Now that's what I'm talking about.. Thanks WWF ;-) 

Sent from my SCH-S735C using Tapatalk


----------



## timm (Oct 28, 2013)

No help on the condo but for lift tickets rather than dealing with Liftopia I suggest:

http://www.sugarbush.com/vermont-skiing-snowboarding/quad-pack


----------



## thetrailboss (Oct 28, 2013)

Bolton is another good option for a side-trip, especially if you dig BC.


----------



## ScottySkis (Oct 28, 2013)

thetrailboss said:


> Bolton is another good option for a side-trip, especially if you dig BC.



Yes it is some if steepest glades and so few people, snow fall almost as the same as what Stowe gets.


----------



## twinplanx (Oct 29, 2013)

Bolton is on my radar, but without a true touring setup I'm hesitant.  I do not get to ski enough to explore everything NVT gas to offer... :-( 

Sent from my SCH-S735C using Tapatalk


----------



## twinplanx (Oct 29, 2013)

*has

Sent from my SCH-S735C using Tapatalk


----------



## WWF-VT (Oct 29, 2013)

twinplanx said:


> Now that's what I'm talking about.. Thanks WWF ;-)



Be sure to say hello when you come to the MRV.


----------



## Quietman (Oct 29, 2013)

We were using regular alpine gear, and there is a lot of lift serviced woods to explore, more than what is on the trail map.

We did wander pretty far off to the west of the Wilderness lift and only hit the cutoff back to the bottom of the lift by accident, but my younger brother missed it. We waited for 30 minutes before seeing him slogging through the snow after a 20 minute hike back up to the lift.


----------



## steamboat1 (Oct 29, 2013)

We have two boy's ski weekends every year. Been doing it for close to 20 years. Same thing we're usually a group of 6-8 but have had as many as 20. The first one this year is already set for Dec. 6-7.

Can't help you with a place to stay as we have our own place.


----------



## twinplanx (Oct 29, 2013)

WWF-VT said:


> Be sure to say hello when you come to the MRV.



You know I will   

Sent from my SCH-S735C using Tapatalk


----------



## twinplanx (Oct 29, 2013)

steamboat1 said:


> We have two boy's ski weekends every year. Been doing it for close to 20 years. Same thing we're usually a group of 6-8 but have had as many as 20. The first one this year is already set for Dec. 6-7.
> 
> Can't help you with a place to stay as we have our own place.

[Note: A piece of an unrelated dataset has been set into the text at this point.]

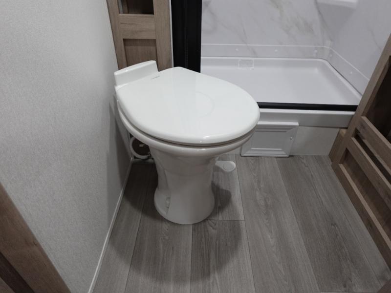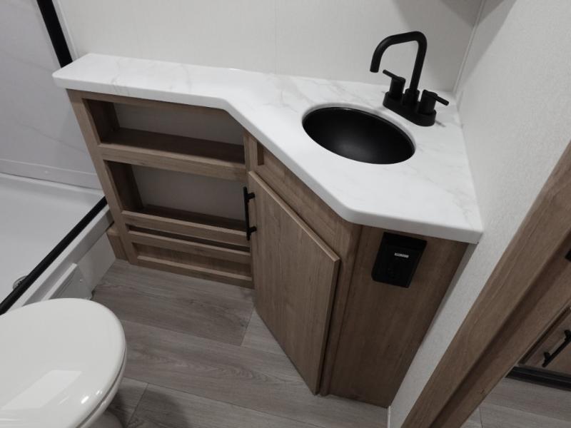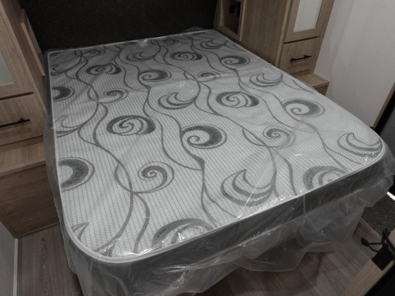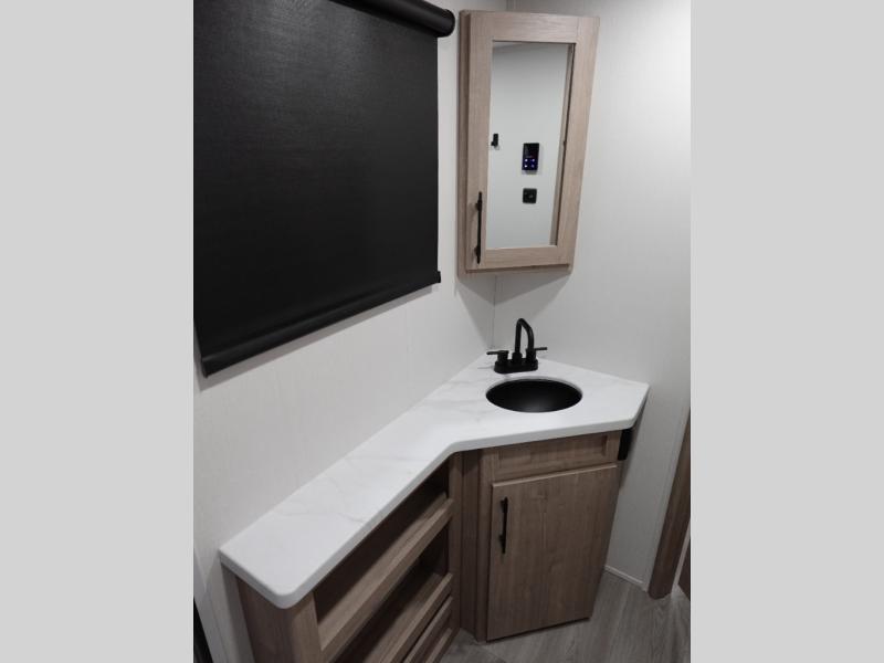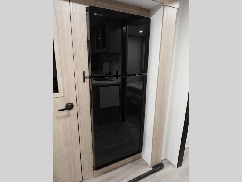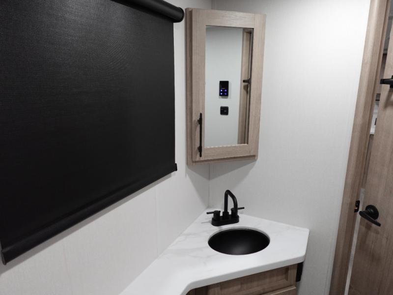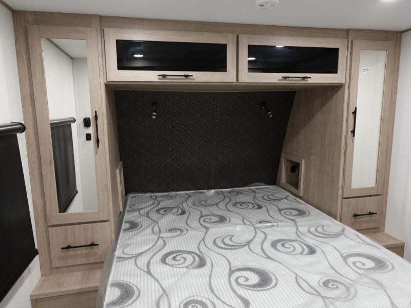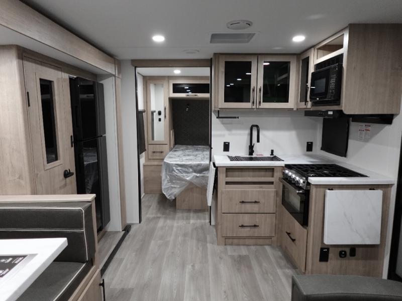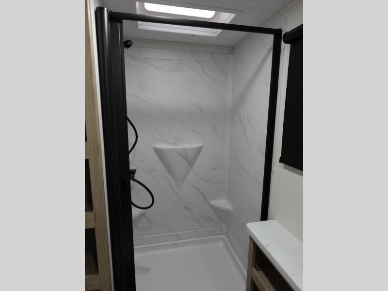 The dual entry doors make it easy to enter and exit this travel trailer! You will find a walk-around queen-size bed up front in the private bedroom, and one of the entry/exit doors to the unit so you can quietly slip out for an early morning fishing trip. The U-shaped dinette is right next to the window, so you can look out at your surroundings while you enjoy breakfast. The double-size bunks have some privacy curtains, and the bunks are right next to the full bathroom for easy access in the middle of the night. The fully equipped kitchen has everything you need to get dinner in the oven, and you can have some more prep space by using the flip-up countertop extension. You even have an outdoor griddle and an outdoor 1.6 cu. ft. refrigerator to enjoy a cold beverage while you cook under the 22' electric awning!

I would love to get together with this group more often.  But with all the combined obligations the logistics of just one weekend gets to be a lot of work...  Years ago we rented a big place just off the Killington access road.  I  think we had about 20 people + turntables lol That was a mixed group of skiers/nonskiers united to party   Our focus(and our money) is on the skiing these days. 

Sent from my SCH-S735C using Tapatalk


----------



## steamboat1 (Oct 30, 2013)

twinplanx said:


> I would love to get together with this group more often.  But with all the combined obligations the logistics of just one weekend gets to be a lot of work...  Years ago we rented a big place just off the Killington access road.  I  think we had about 20 people + turntables lol That was a mixed group of skiers/nonskiers united to party   Our focus(and our money) is on the skiing these days.
> 
> Sent from my SCH-S735C using Tapatalk



We try to get to the mountain by the crack of noon. Don't always make it.


----------



## twinplanx (Jan 15, 2014)

So, the holiday madness has settled down and it's time to seriously get planning for this trip. It's too bad winter seems to have taken a hiatus of its own. But looks like we will be aiming for the last weekend in February or the first weekend in March to do this and that gives winter plenty of time to get its act together. Anyone have some good leads on lodging for either of these weekends?  I know I have asked before, so thank you for your earlier responses, but now that we have a better idea of when I figured why not ask again. I believe the consensus will be to ski Sugarbush but anywhere in Northern VT is fair game. With the way this winter has gone so far I wouldn't rule anything out... I say we should go where the snow falls, but I may be outnumbered. Watch this space, fell free to join us once we work out the details. 

Sent from my SCH-S735C using Tapatalk


----------



## twinplanx (Jan 23, 2014)

OK we seem to have a handle on the lodging. I've been perusing liftopia lately for deals at Sugarbush. I only saw one package and that was no good. Has Sugarbush dialed back on liftopia by offering there own Internet only price, or is there some place else to purchase discounted Lift Tickets? 

Sent from my SCH-S735C using Tapatalk


----------



## ScottySkis (Jan 24, 2014)

twinplanx said:


> OK we seem to have a handle on the lodging. I've been perusing liftopia lately for deals at Sugarbush. I only saw one package and that was no good. Has Sugarbush dialed back on liftopia by offering there own Internet only price, or is there some place else to purchase discounted Lift Tickets?
> 
> Sent from my SCH-S735C using Tapatalk



Vermont Travel Card 51$ to go get some Bush any day but Saturday. You can use it at lot of other Vermont hills to


----------



## steamboat1 (Jan 26, 2014)

Our 1st boy's weekend this year (Dec 6-7) was a lot of fun as always. We skied K with 2 fer coupons. "Da Boyz" actually got to the mountain before 10am this year, must be a new record. Our 2nd one is planned for April 11-12 but I think we might push it back 2 weeks to the week after Easter, at least I'd like to. There were 8 of us in attendance for the 1st one this year with a couple of guys backing out at the last minute. The tradition continues.


----------



## twinplanx (Feb 26, 2014)

Although our "group" has progressively gotten smaller we will be on the mountain this weekend.  If any other AZers will be up there, check in here. Hope to see you there  

Sent from my SCH-S735C using Tapatalk


----------



## WWF-VT (Feb 26, 2014)

Are you at Sugarbush this weekend?


----------



## twinplanx (Feb 26, 2014)

WWF-VT said:


> Are you at Sugarbush this weekend?



We will be heading up Friday. My  nephew may be joining us & he will need lessons. So the annual tour may not be possible, but we should be able to meet up for a few runs  

Sent from my SCH-S735C using Tapatalk


----------